The South-East (Russian: Ю́го-Восто́к), also referred to as South-Eastern Krai (Ю́го-Восто́чный край) and South-Eastern Oblast (Ю́го-Восто́чная о́бласть) was a territory, and later an administrative division, of the Russian Soviet Federative Socialist Republic (RSFSR) which existed in 1920-1924.
The system of the administrative and territorial division of the RSFSR was developing haphazardly in the beginning of the 1920s: it was inconsistent, expensive to maintain, and not very effective in practice.
As a reaction to that, the 12th Congress of the Russian Communist Party (Bolsheviks) on April 23, 1924 decided to test a new system of the administrative division in two experimental areas: one industrially developed and one agricultural.

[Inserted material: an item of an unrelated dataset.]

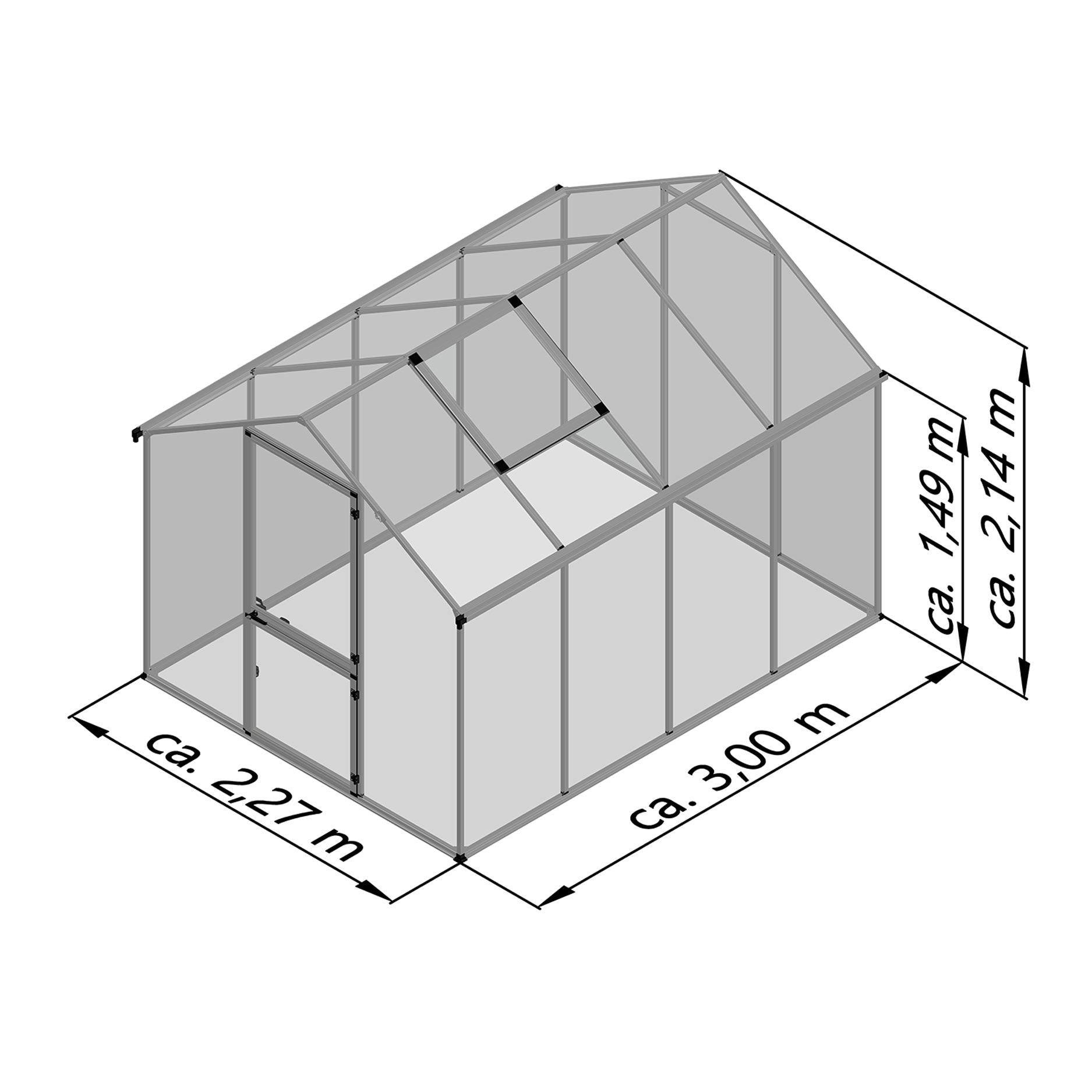 De constructie bestaat uit een sterk frame van aluminium, dat de kas licht van gewicht houdt maar toch uitzonderlijk stabiel maakt. De 6 mm kanaalplaten zijn isolerend en UV-beschermd, waardoor het binnenklimaat langer constant blijft. Dit maakt de kas geschikt voor gebruik in zowel het vroege voorjaar als de nazomer. De grote draaideur vergemakkelijkt de toegang, zelfs met gereedschap of bakken, terwijl het ruime dakraam voor gecontroleerde ventilatie zorgt. De geïntegreerde regengoten voeren neerslag netjes af en maken hergebruik van regenwater eenvoudig. Met het optionele funderingsframe creëert de tuinierder een solide basis voor jarenlang onderhoudsarm gebruik.

On February 13, 1924, the All-Russian Central Executive Committee (VTsIK) officially defined the South-East as the area comprising the territories of Don and Kuban Oblasts, Terek and Stavropol Governorates, the city of Grozny, and Kabardino-Balkar, Karachay-Cherkess, Adyghe-Cherkess, and Chechen Autonomous Oblasts[1] and mandated its division into districts (raions) by the end of 1924.
On June 2, 1924, the Presidium of the VTsIK established a list of the new okrugs and districts into which the "South-Eastern Krai (Oblast)" was to be divided.